Only 19 affordance categories are evaluated; real-world indoor affordances are far more diverse and complex.
The one-shot setting limits coverage of long-tail affordances; few-shot or zero-shot extensions are a natural next step.
The method processes static images and does not account for temporal affordance changes in dynamic scenes.
ERP remains an intermediate representation; operating directly on the sphere (e.g., via spherical convolutions) may offer a more principled approach.

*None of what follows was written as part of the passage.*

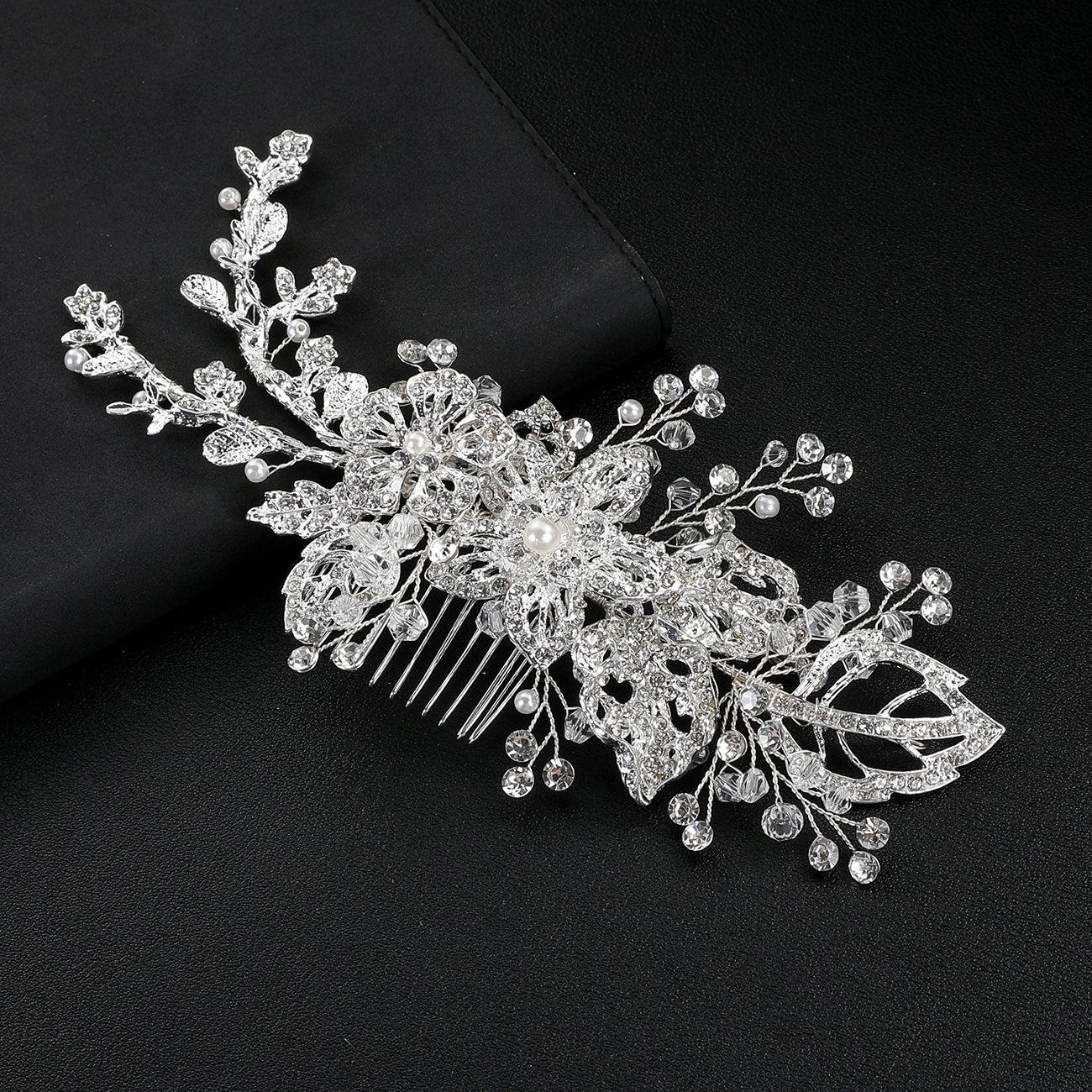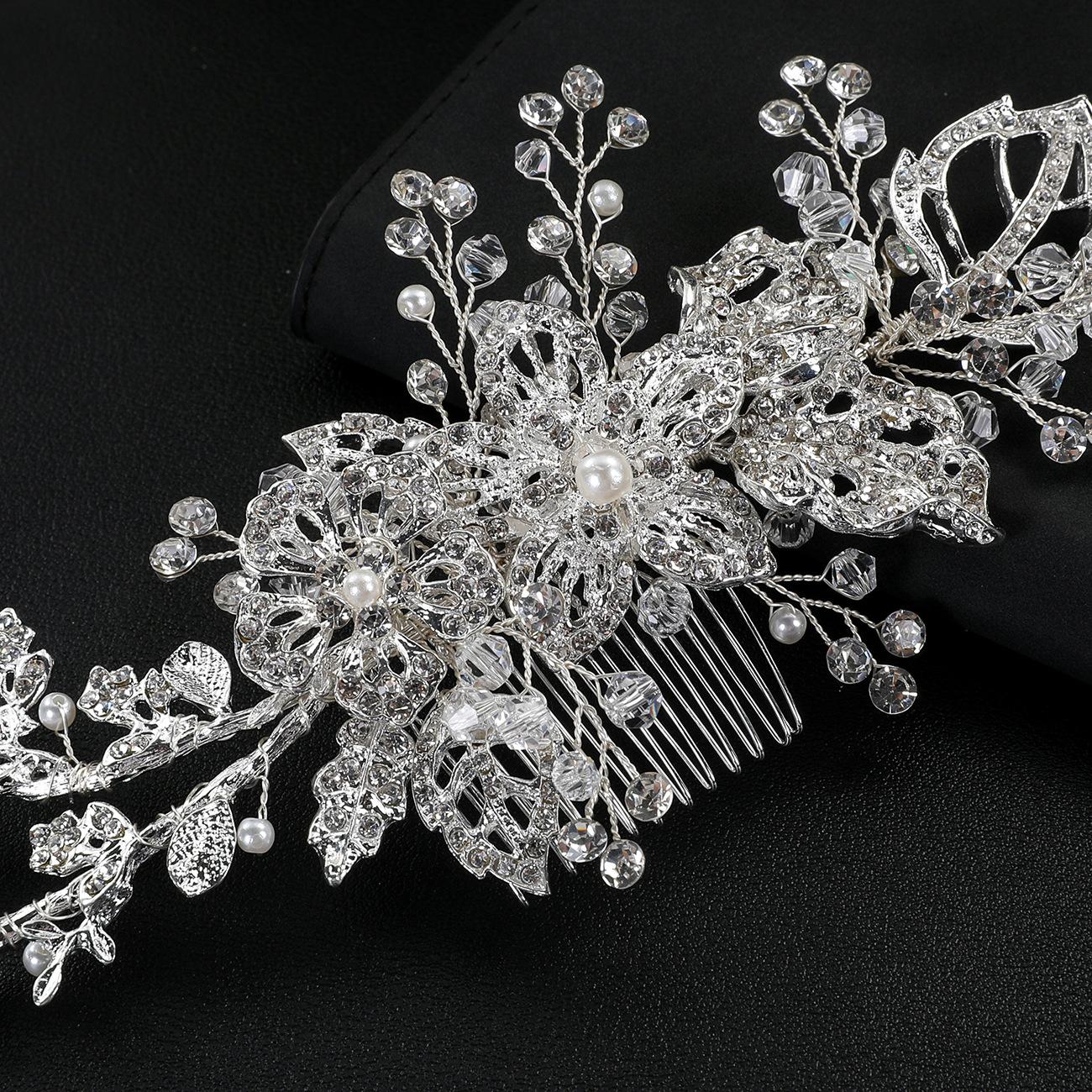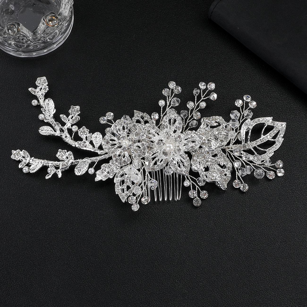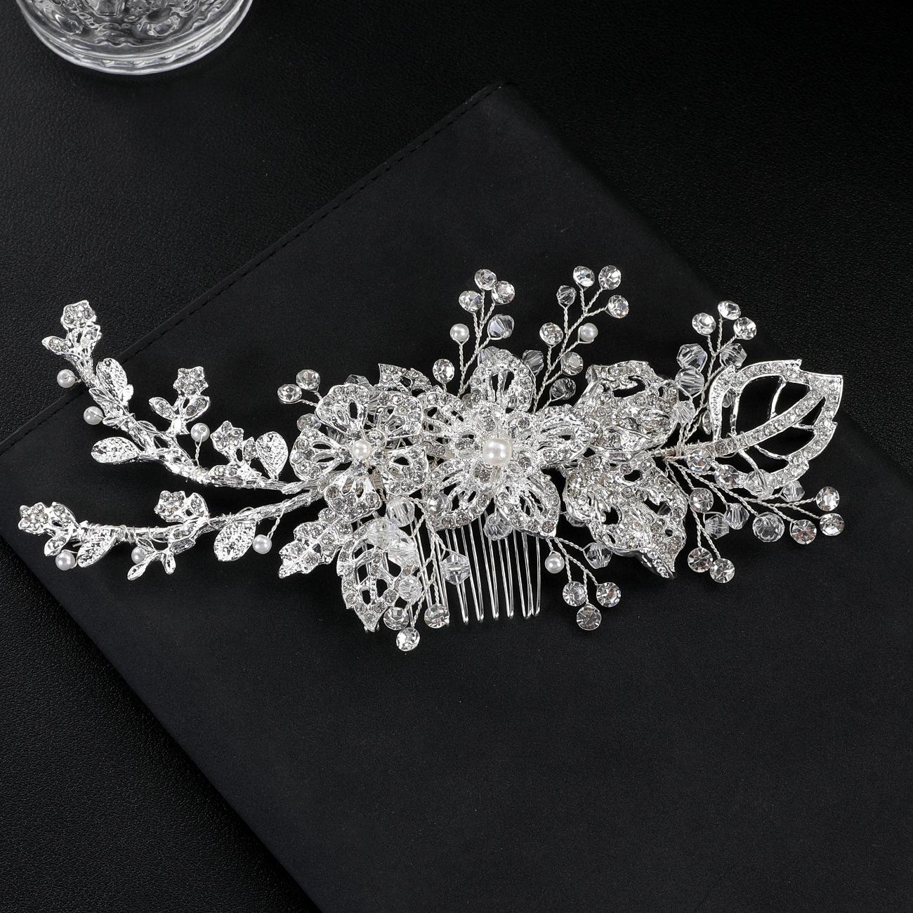 Tocado Nupcial Europeo y Americano, Peineta de Flores de Aleación de Alta Gama, Peineta para el Cabello con Diamantes Engastados a Mano, Accesorios para el Cabello de Boda, Venta al por Mayor de Fabricantes de Joyería

vs. OOAL: OOAL is the current one-shot affordance state of the art but is designed entirely for perspective images; its SIM on panoramic data is only 0.117 versus 0.506 achieved by the proposed method.
vs. WorldAfford: WorldAfford also targets scene-level affordance but relies on SAM object segmentation and LLM reasoning, making it non-end-to-end; the proposed method is end-to-end and requires no segmentation.
vs. 3D affordance methods: 3D methods provide precise geometric constraints but require costly annotations and lack mature foundation models; panoramic images serve as a middle ground between 2D and 3D, offering 360° spatial coverage while retaining the generalization capability of 2D foundation models.

Rating¶

Novelty: ⭐⭐⭐⭐⭐ — New task definition, new dataset, and purpose-built method design; a pioneering contribution.
Experimental Thoroughness: ⭐⭐⭐⭐ — Thorough ablations; only two baselines (inherent to the new task), but cross-domain generalization validation is convincing.
Writing Quality: ⭐⭐⭐⭐ — Problem motivation is clear and method description is detailed, though notation is dense.
Value: ⭐⭐⭐⭐⭐ — Opens a new research direction in panoramic affordance with direct application value for global perception in service robotics.